- WHAT IS NEEDED
Everything in the records below from the line containing "De DAYTONA 224" through the line containing "Sari de soirée" is to be reproduced exactly, those two lines included; no picture is to be copied.

- MATERIALS PROVIDED
################

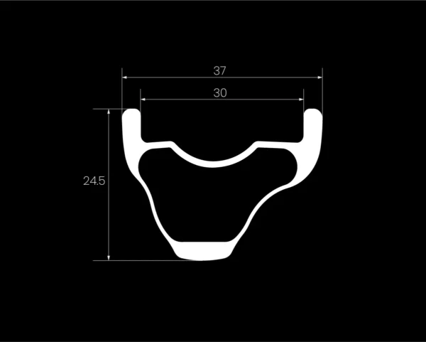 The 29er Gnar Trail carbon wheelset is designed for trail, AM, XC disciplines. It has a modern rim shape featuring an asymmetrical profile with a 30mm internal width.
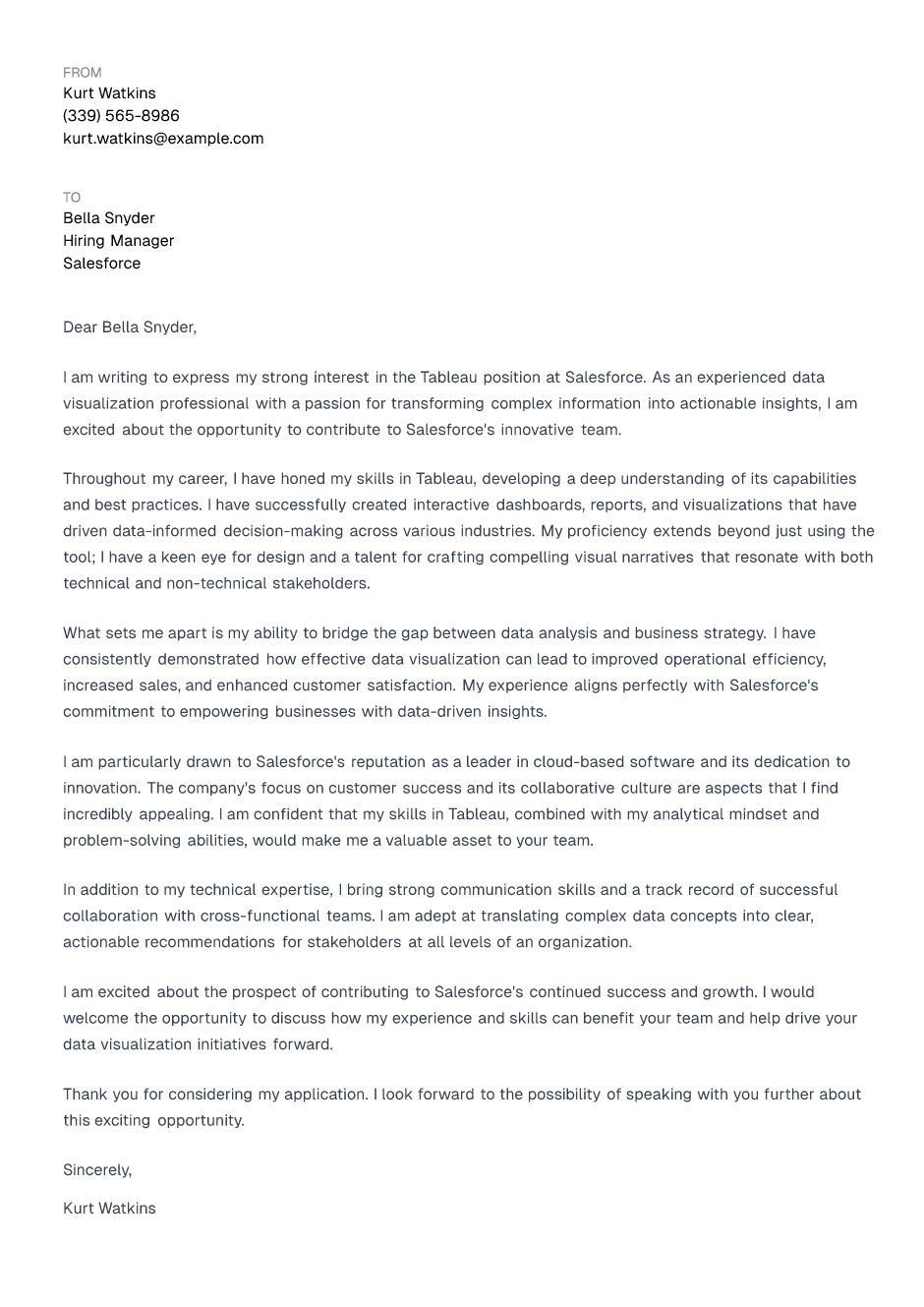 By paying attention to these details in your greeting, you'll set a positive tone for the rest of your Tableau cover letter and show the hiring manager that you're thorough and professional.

################

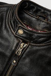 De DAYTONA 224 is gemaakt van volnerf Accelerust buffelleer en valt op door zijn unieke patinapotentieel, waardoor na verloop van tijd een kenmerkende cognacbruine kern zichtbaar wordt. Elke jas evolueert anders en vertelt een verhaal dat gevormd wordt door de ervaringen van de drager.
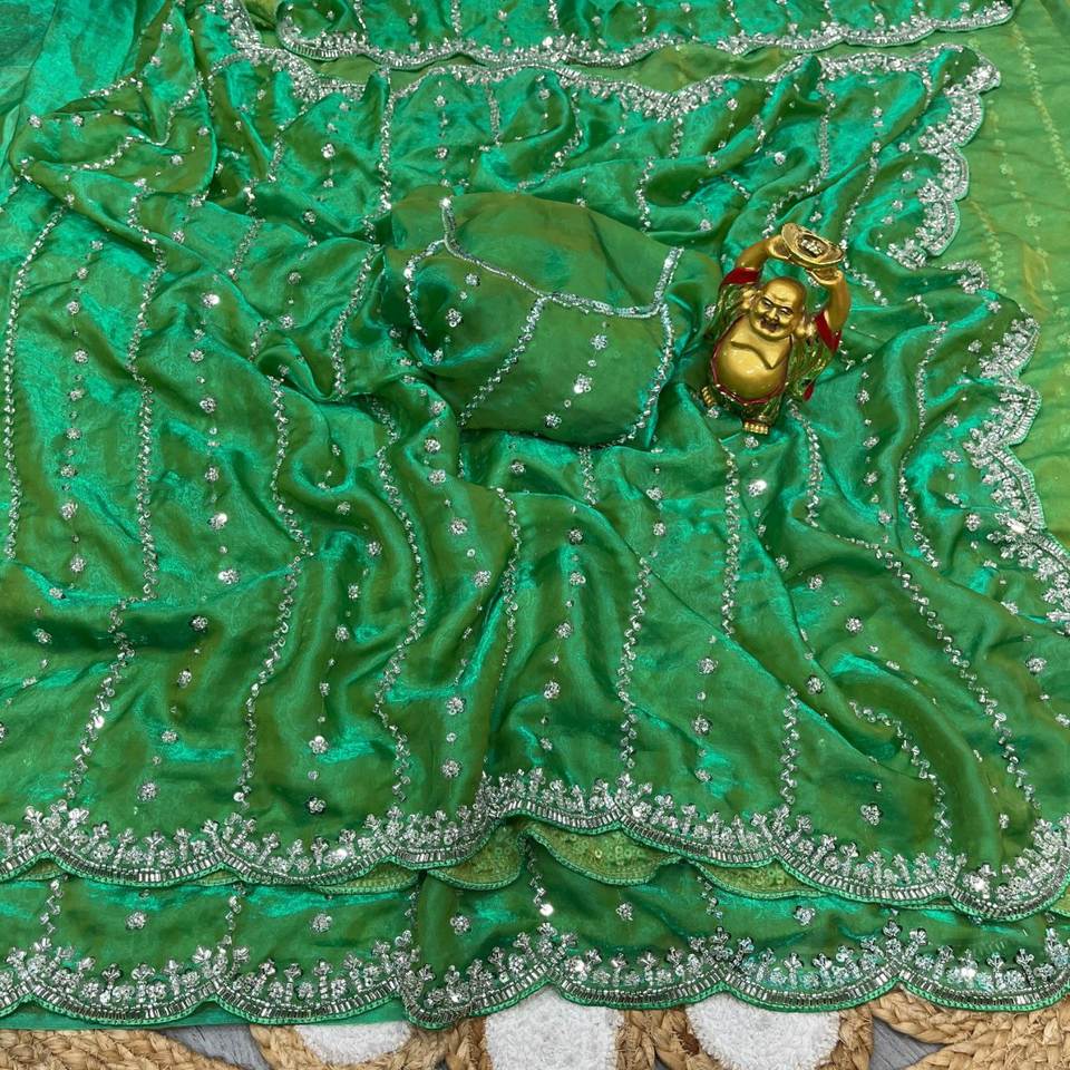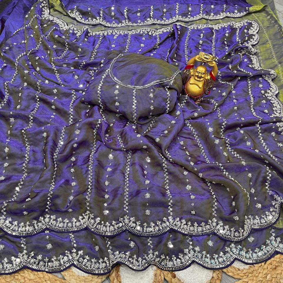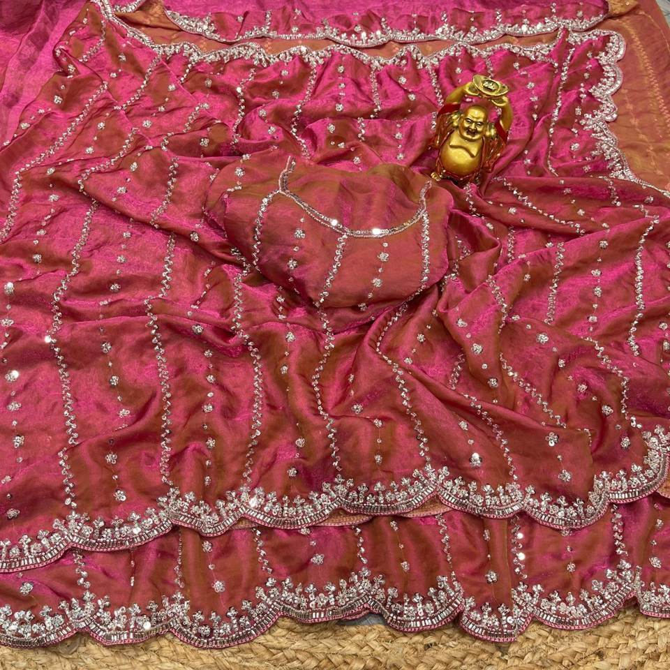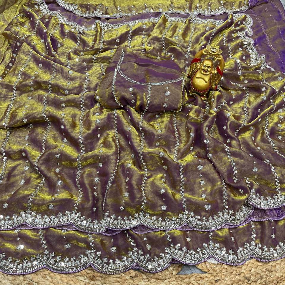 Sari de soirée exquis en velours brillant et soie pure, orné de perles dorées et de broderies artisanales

################

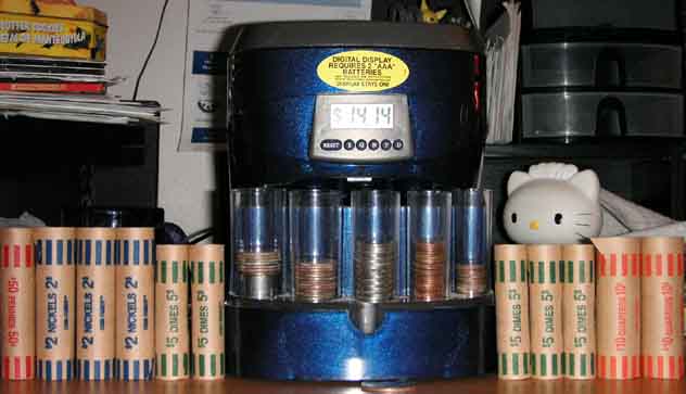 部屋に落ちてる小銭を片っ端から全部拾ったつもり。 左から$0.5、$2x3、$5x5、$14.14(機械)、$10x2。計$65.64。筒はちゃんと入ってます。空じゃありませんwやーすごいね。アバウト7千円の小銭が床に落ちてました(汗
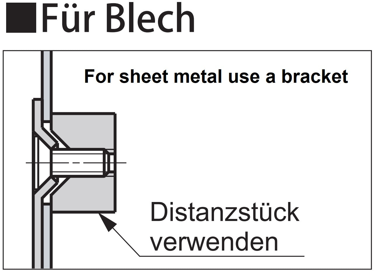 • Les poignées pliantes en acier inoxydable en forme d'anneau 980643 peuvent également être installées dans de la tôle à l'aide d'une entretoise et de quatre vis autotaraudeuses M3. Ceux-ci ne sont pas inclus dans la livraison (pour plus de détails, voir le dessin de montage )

################

- RESPONSE AREA
 De DAYTONA 224 is gemaakt van volnerf Accelerust buffelleer en valt op door zijn unieke patinapotentieel, waardoor na verloop van tijd een kenmerkende cognacbruine kern zichtbaar wordt. Elke jas evolueert anders en vertelt een verhaal dat gevormd wordt door de ervaringen van de drager.
 Sari de soirée exquis en velours brillant et soie pure, orné de perles dorées et de broderies artisanales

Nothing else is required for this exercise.